*EXERCISE REQUIREMENTS*: All entries need to be written out verbatim, with pictures omitted.

(Recorded data)
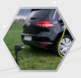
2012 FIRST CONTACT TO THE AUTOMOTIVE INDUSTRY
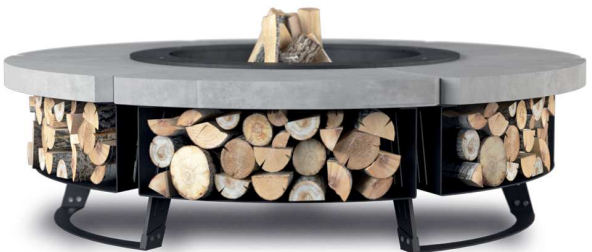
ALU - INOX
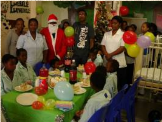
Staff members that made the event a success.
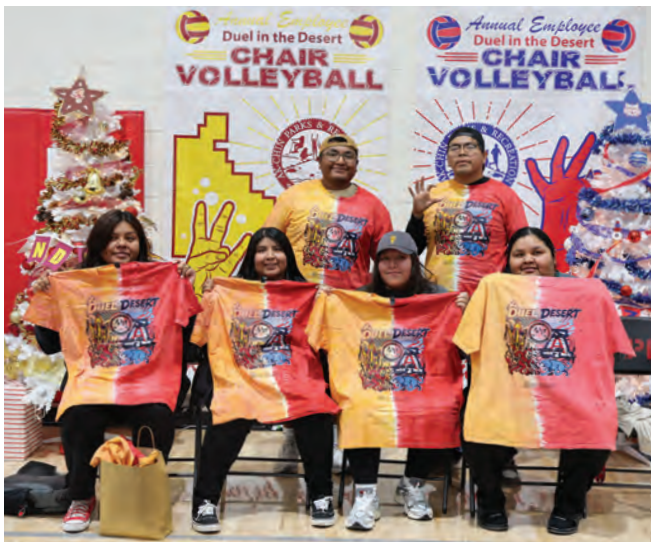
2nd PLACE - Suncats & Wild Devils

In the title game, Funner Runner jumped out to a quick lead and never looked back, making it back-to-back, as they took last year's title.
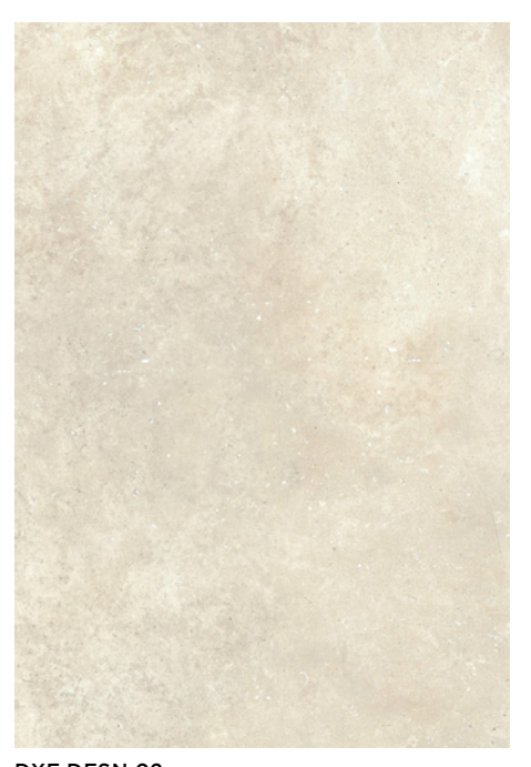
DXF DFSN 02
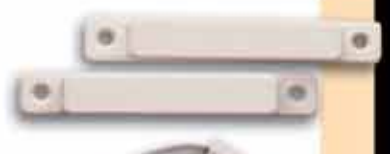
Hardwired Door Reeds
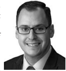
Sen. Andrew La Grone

*TASK RESULT*:
2012 FIRST CONTACT TO THE AUTOMOTIVE INDUSTRY
ALU - INOX
Staff members that made the event a success.
2nd PLACE - Suncats & Wild Devils

In the title game, Funner Runner jumped out to a quick lead and never looked back, making it back-to-back, as they took last year's title.
DXF DFSN 02
Hardwired Door Reeds
Sen. Andrew La Grone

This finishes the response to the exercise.